**Task**
Among the lines below, a stretch begins at the one with "SATU MARE. Unde" and ends at the one with "硬装的木作采用原木色+白色,软装则用黑胡". Repeat that stretch exactly, ends included.

*** Records for this task ***

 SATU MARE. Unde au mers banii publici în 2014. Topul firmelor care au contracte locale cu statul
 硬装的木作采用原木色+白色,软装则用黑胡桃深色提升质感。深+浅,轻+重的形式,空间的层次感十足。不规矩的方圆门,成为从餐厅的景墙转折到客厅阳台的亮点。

*** End of Records for this task ***
*** Records for this task ***

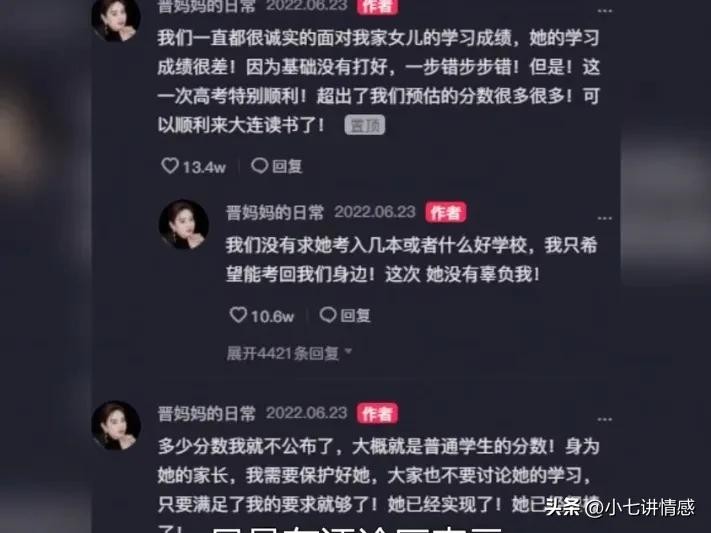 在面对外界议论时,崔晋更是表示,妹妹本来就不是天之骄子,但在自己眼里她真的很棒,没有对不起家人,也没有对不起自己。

*** End of Records for this task ***
*** Records for this task ***

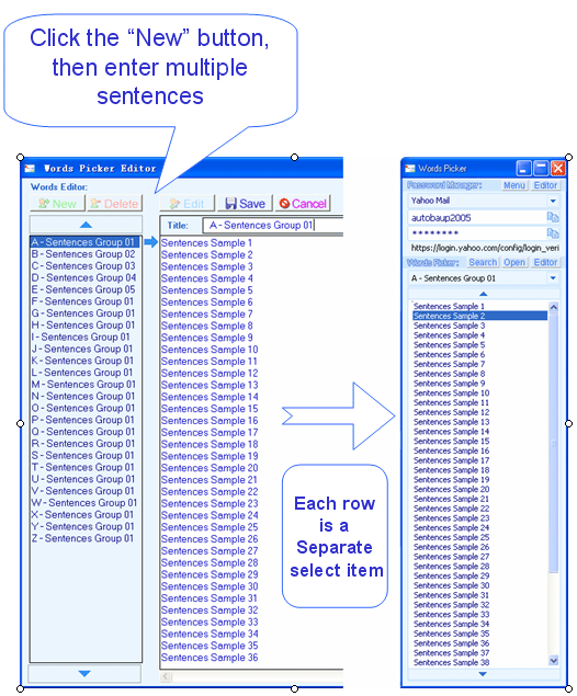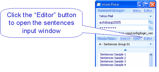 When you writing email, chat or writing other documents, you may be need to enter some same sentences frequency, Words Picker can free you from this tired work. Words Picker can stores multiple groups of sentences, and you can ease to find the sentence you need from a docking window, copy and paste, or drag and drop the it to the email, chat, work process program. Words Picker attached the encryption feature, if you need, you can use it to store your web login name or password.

*** End of Records for this task ***

**Solution to this task**
 SATU MARE. Unde au mers banii publici în 2014. Topul firmelor care au contracte locale cu statul
 硬装的木作采用原木色+白色,软装则用黑胡桃深色提升质感。深+浅,轻+重的形式,空间的层次感十足。不规矩的方圆门,成为从餐厅的景墙转折到客厅阳台的亮点。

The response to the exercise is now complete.